■ Recorded information:
********

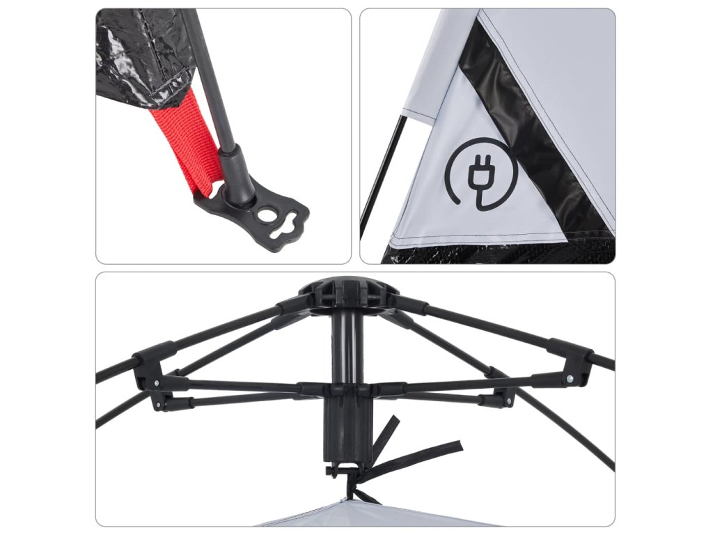 - Rychloupínací systém: Postavte stan snadno a bez námahy pomocí rychloupínacího systému! Stan položte na zem, roztáhněte předem sestavené tyče, dokud nezapadnou na své místo, a vše je hotovo!
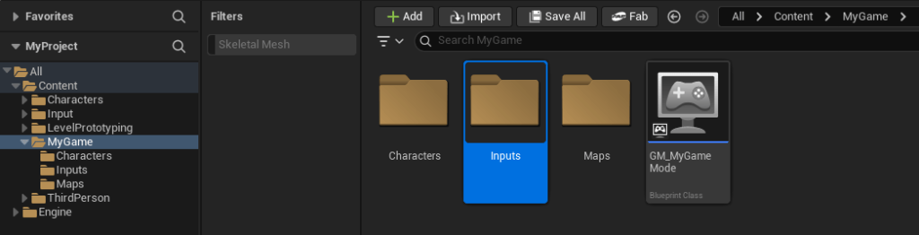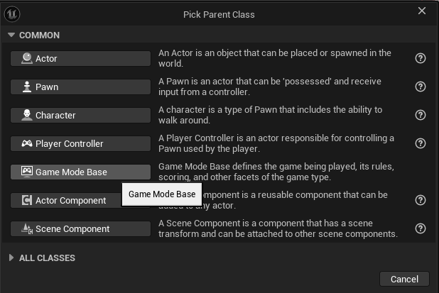 Open up your Content Drawer again under Content/MyGame/ create a new Blueprint of type “Game Mode Base”
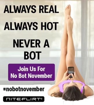 Discover the Difference: Experience what NiteFlirt does best—our Flirts bring their unique personalities to every exchange. Feel the thrill that only a true relationship can inspire. In a world saturated with bots and algorithms, #NoBotNovember serves as a powerful reminder of what really matters: real people, real conversations, and real connections. Join us as we celebrate what makes NiteFlirt one of a kind—authenticity, individuality, and the enchantment of unscripted moments. This November, let’s savor the conversations that make your heart race, your cheeks blush, and actually satisfy those intimate fantasies. Let’s connect and… Speak to Your Desire.

********

■ Your task: From the first line to the last, retype the data exactly, without images.

■ Written reply:
 - Rychloupínací systém: Postavte stan snadno a bez námahy pomocí rychloupínacího systému! Stan položte na zem, roztáhněte předem sestavené tyče, dokud nezapadnou na své místo, a vše je hotovo!
 Open up your Content Drawer again under Content/MyGame/ create a new Blueprint of type “Game Mode Base”
 Discover the Difference: Experience what NiteFlirt does best—our Flirts bring their unique personalities to every exchange. Feel the thrill that only a true relationship can inspire. In a world saturated with bots and algorithms, #NoBotNovember serves as a powerful reminder of what really matters: real people, real conversations, and real connections. Join us as we celebrate what makes NiteFlirt one of a kind—authenticity, individuality, and the enchantment of unscripted moments. This November, let’s savor the conversations that make your heart race, your cheeks blush, and actually satisfy those intimate fantasies. Let’s connect and… Speak to Your Desire.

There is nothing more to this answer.